Therefore, the new solution is a schedule of all the jobs including j before time opt, and thus this is an optimal solution.

Lemma 13

The migration factor of the algorithm is at most m−1.

Proof

Consider a flow path π. Then, since π is simple, it has at most m+1 arcs, and thus only m−1 arcs in π′. Denote by α π the amount of flow along π, then the total flow along all the arcs of π′ is at most α π ⋅(m−1). Summing up over all flow paths we conclude that the total flow of the arcs in the network (excluding the arcs which are adjacent to either s or t) is at most p j ⋅(m−1). The total migration of jobs (or parts of jobs) in the current iteration of the algorithm is exactly the total flow of the arcs (excluding the arcs which are adjacent to either s or t), that is at most p j ⋅(m−1), and therefore the migration factor is at most m−1. □

It remains to show that our algorithm will not fail to find a maximum flow of size p j in the network.

Lemma 14

The value of the maximum flow in the network is at least p j .

Proof

Assume by contradiction that the value of the maximum flow is smaller than p j , and consider the residual flow network at the end of the maximum flow computation. Since this is a maximum flow, there is no path from s to t in this network. We denote by S the set of machines which are accessible from s in the residual network. We apply the changes to the solution as implied by our algorithm (though it does not give an allocation of p j processing time units to job j). In this solution each job i which is processed by some machine of S, cannot be processed by any machine of MS (since otherwise, there would be an arc from S to MS in the residual network). Moreover, as there is no path from any node of S to t in the residual network, there is no arc from a machine in S to t in this network, and each machine of S processes a total size of jobs of exactly opt. Therefore, since j was not completely assigned, the total processing time of all jobs which must be processed by machines in S (that is, their processing set is contained in S) is strictly larger than |S|⋅opt. This contradicts the assumption that opt is the optimal cost of a solution to the problem. □

Therefore, we established the following theorem.

Theorem 15

There exists an optimal algorithm for makespan minimization in the fractional restricted assignment model whose migration factor is at most m−1.

Appendix B: Two Machines

B.1 An Algorithm of Migration Factor 1 for Two Uniformly Related Machines

In this section we design a class of algorithms. Without loss of generality we consider two uniformly related machines of speed ratio s>1, where s 1=1 and s 2=s. Each algorithm maintains an optimal schedule using a migration factor of 1 for a given norm which is the p norm for some p>1 or norm (that corresponds to makespan minimization). Note that by the lower bound of m−1 on the migration factor of an optimal algorithm, in all cases this is the best possible migration factor.

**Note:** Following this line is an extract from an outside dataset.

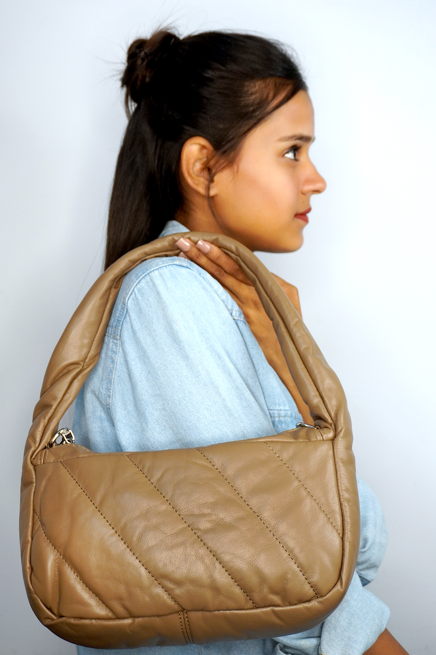 Upgrade your style with this chic quilted shoulder bag, crafted from premium faux leather in a rich brown shade. The soft, padded design adds a touch of elegance, while the versatile detachable strap allows you to wear it as a handbag or crossbody. Featuring a secure zip closure and spacious interior, it’s perfect for carrying your daily essentials with ease.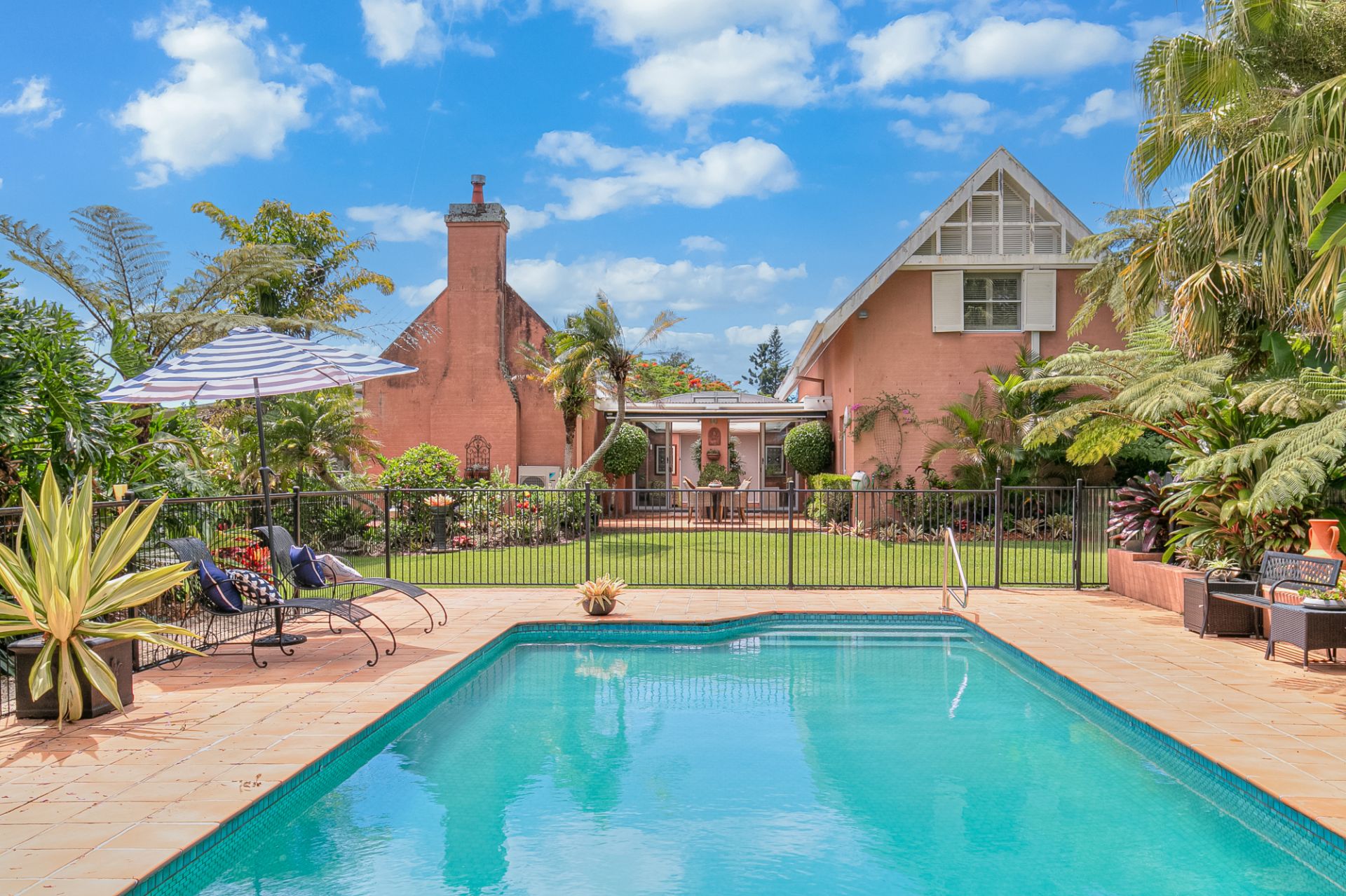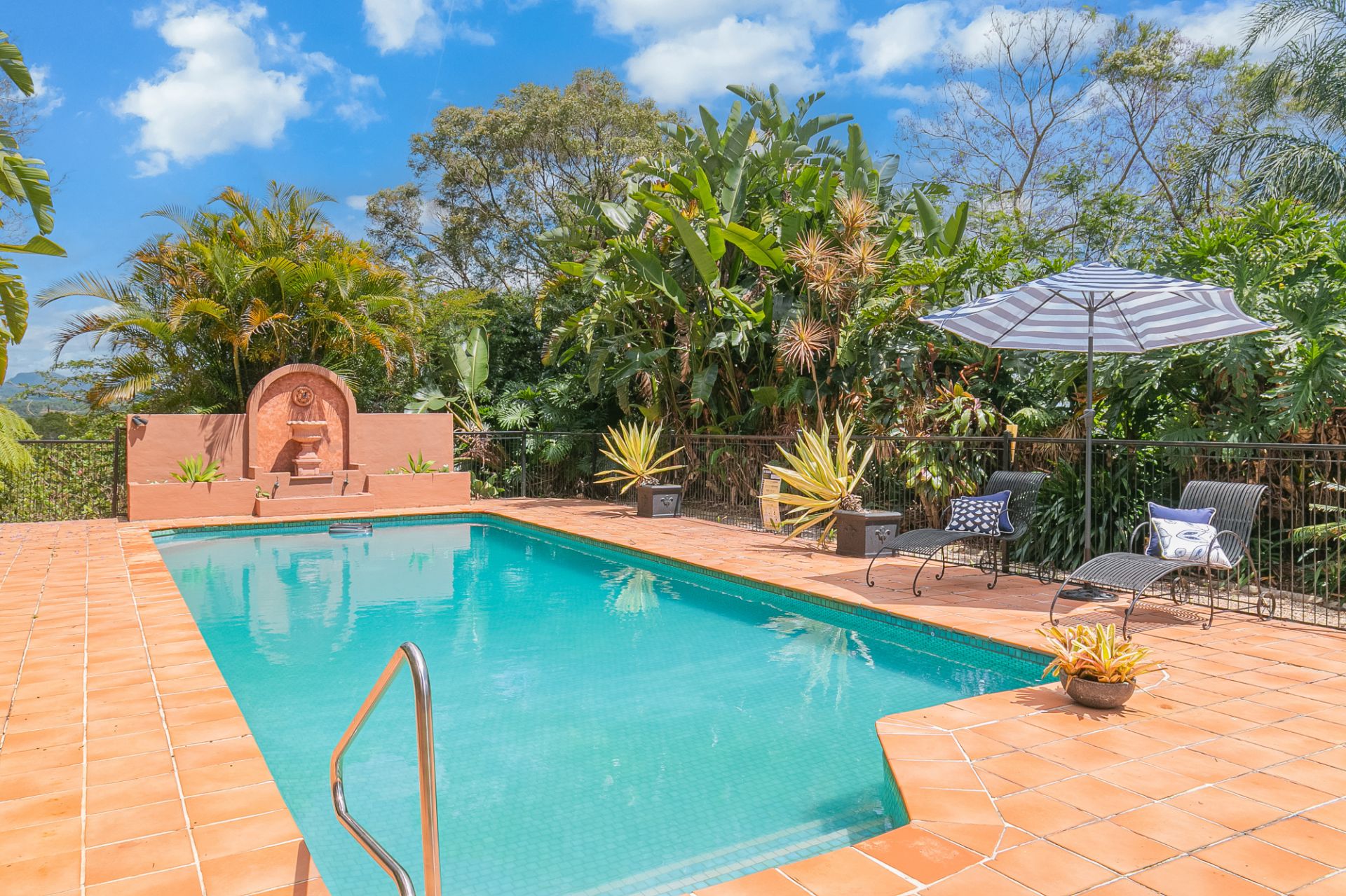 - Superb fully tiled roman style in-ground swimming pool w/ large, enclosed bathing areas

Given a prefix of the input for the makespan minimization problem, \(\textsc{opt}_{t}=\max\{\frac{p_{t}^{\max}}{s},\frac{P_{t}}{s+1}\}\) [22, 26, 27] (here and in the next section opt t denotes an optimal schedule for the first t jobs as well as its cost). If \(\textsc{opt}_{t}=\frac{P_{t}}{s+1}\) then both machines have equal loads, and clearly there is no idle time. If \(\textsc{opt}_{t}=\frac{p_{t}^{\max}}{s}\) then the job of the maximum size is assigned to the second machine and it is possible to avoid idle time on the first machine by assigning the other jobs to run there during the time interval \([0,P_{t}-p_{t}^{\max}]\). This results in a strongly optimal solution (but for uniformly related machines, this does not imply the minimization of any p norm). In the first case there are inputs where two preemptions are required to achieve these loads, and in the second case it is always possible to avoid preemptions altogether. However, since we construct a robust algorithm which modifies the schedule multiple times, our algorithm will use a linear number of preemptions (in the number of jobs).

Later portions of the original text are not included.